# Webcam skype su gentoo

## Gaap

ciao, vorrei fare girare la mia webcam su gentoo, ovviamente se possibile...

il modello è questo:

http://accessories.skype.com/item?SID=6ca934bea6cae3c6d0f186a06562b12aacb:4545&sku=SPRO07

qualcune ha idea su quale procedimento seguire o su che pacchetti utilizzare?

grazie

----------

## u238

io direi inizia con un lsusb e poi vedi se è supportata nel v4l nel kernel.. poi nei dettagli non saprei, mai avuto 1 webcam..

al limite STFG  :Wink: 

----------

## Gaap

Ok la webcam è vista:

```
Bus 003 Device 003: ID 0ac8:301b Z-Star Microelectronics Corp. ZC0301 WebCam
```

non l'ho mai installata sotto linux quindi non saprei come andare avanti... altri suggerimenti?

----------

## u238

guarda, ho cercato "0ac8:301b" con google e la prima pagina mi dice questo: 

This camera is now supported by the spca5xx driver. See http://mxhaard.free.fr/spca5xx.html

 :Rolling Eyes: 

----------

## Gaap

Ok grazie 1000 ora provo a guardare... vi faccio sapere se mi serve una mano...  :Very Happy: 

----------

## nick_spacca

 *Gaap wrote:*   

> Ok la webcam è vista:
> 
> ```
> Bus 003 Device 003: ID 0ac8:301b Z-Star Microelectronics Corp. ZC0301 WebCam
> ```
> ...

 

Se cerchi nel forum c'è sicuramente una marea di thread su linux&webcam...
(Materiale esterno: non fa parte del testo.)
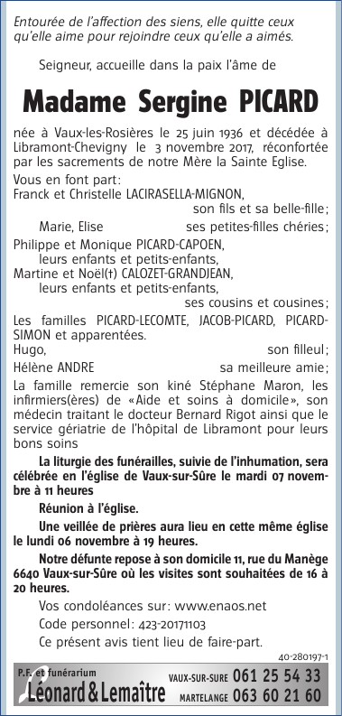 Décédée à Libramont-Chevigny (6800) le vendredi 3 novembre 2017 à l'âge de 81 ans

Ma secondo me il problema è un altro.... Skype sotto linux SEMPLICEMENTE NON supporta il video..al momento utilizzabile SOLO su win (per altro appoggiandosi per altro ad un software esterno...), e se non sbaglio avevo visto nel forum di skype (sezione Linux) che anche con wine non sia possibile utilizzare la webcam...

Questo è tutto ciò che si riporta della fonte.